ESP32-S3: Support execute in place from PSRAM #3024

EliteTK · 2025-01-23T20:22:09Z

Submission Checklist 📝

(NA?) I have updated existing examples or added new ones (if applicable).
I have used cargo xtask fmt-packages command to ensure that all changed code is formatted correctly.
My changes were added to the CHANGELOG.md in the proper section.
(NA?) I have added necessary changes to user code to the Migration Guide.
(I believe so) My changes are in accordance to the esp-rs API guidelines
I have read the CONTRIBUTING.md guide and followed its instructions.

Pull Request Details 📖

Description

This implementation mirrors how the ESP-IDF implementation of this feature (which is based on the Cache_Flash_To_SPIRAM_Copy rom function) works except it differs in a few key ways:

The ESP-IDF seems to map .text and .rodata into the first and second 128 cache pages respectively (although looking at the linker scripts, I'm not sure how, but a runtime check confirmed this seemed to be the case). This is reflected in how the Cache_Count_Flash_Pages, Cache_Flash_To_SPIRAM_Copy rom functions and the ESP-IDF code executing them works. The count function can only be made to count flash pages within the first 256 pages (of which there are 512 on the ESP32-S3). Likewise, the copy function will only copy flash pages which are mapped within the first 256 entries (across two calls). As the esp-hal handles mapping .text and .rodata differently, these ROM functions are technically not appropriate if more than 256 pages of flash (.text and .rodata combined) are in use by the application.

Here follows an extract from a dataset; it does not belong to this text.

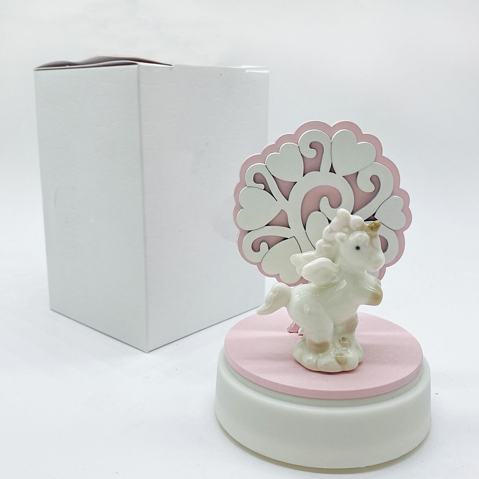 Per te disponibili i nostri carillon elettronici, con albero della vita in legno effetto doppiato bianco e rosa baby e unicorno in ceramica effetto lucido, nelle stesse tonalità. La base del carillon è circolare, con modulo elettronico alimentato da 3 batterie AAA che una volta attivato, riproduce una ninna nanna.

Additionally, the functions both contain bugs, one of which the IDF attempts to work around incorrectly, and the other which the IDF does not appear to be aware of. Details of these bugs can be found on the IDF issue/PR tracker (espressif/esp-idf#15262, espressif/esp-idf#15263).

As a result, this PR contains a heavily modified/adjusted rust re-write of the reverse engineered ROM code combined with a vague port of the ESP-IDF code.

There are three additional noteworthy differences from the ESP-IDF version of the code:

The ESP-IDF allows the .text and .rodata segments to be mapped independently and separately allowing only one to be mapped. But the current version of the code does not allow this flexibility. This can be implemented by checking the address of each page entry against the segment locations to determine which segment each address belongs to.
The ESP-IDF calls cache_ll_l1_enable_bus(..., cache_ll_l1_get_bus(..., SOC_EXTRAM_DATA_HIGH, 0)); (functions from the ESP-IDF) in order to "Enable the most high bus, which is used for copying FLASH .text to PSRAM" but on the ESP32-S3 after careful inspection these calls result in a no-op as the address passed to cache_ll_l1_get_bus will result in an empty cache bus mask. It's currently unclear to me if this is a bug in the ESP-IDF code, or if this code (which from cursory investigation is probably not a no-op on the -S2) is solely targetting the ESP32-S3.
The ESP-IDF calls Cache_Flash_To_SPIRAM_Copy with an icache address when copying .text and a dcache address when copying .rodata. This affects which cache the reads will occur through. But the writes always go through a "spare page" (name I came up with during reverse engineering) via the dcache. This code performs all reads through the dcache. I don't know if there's a proper reason to read through the correct cache when doing the copy and this doesn't appear to have any negative impact.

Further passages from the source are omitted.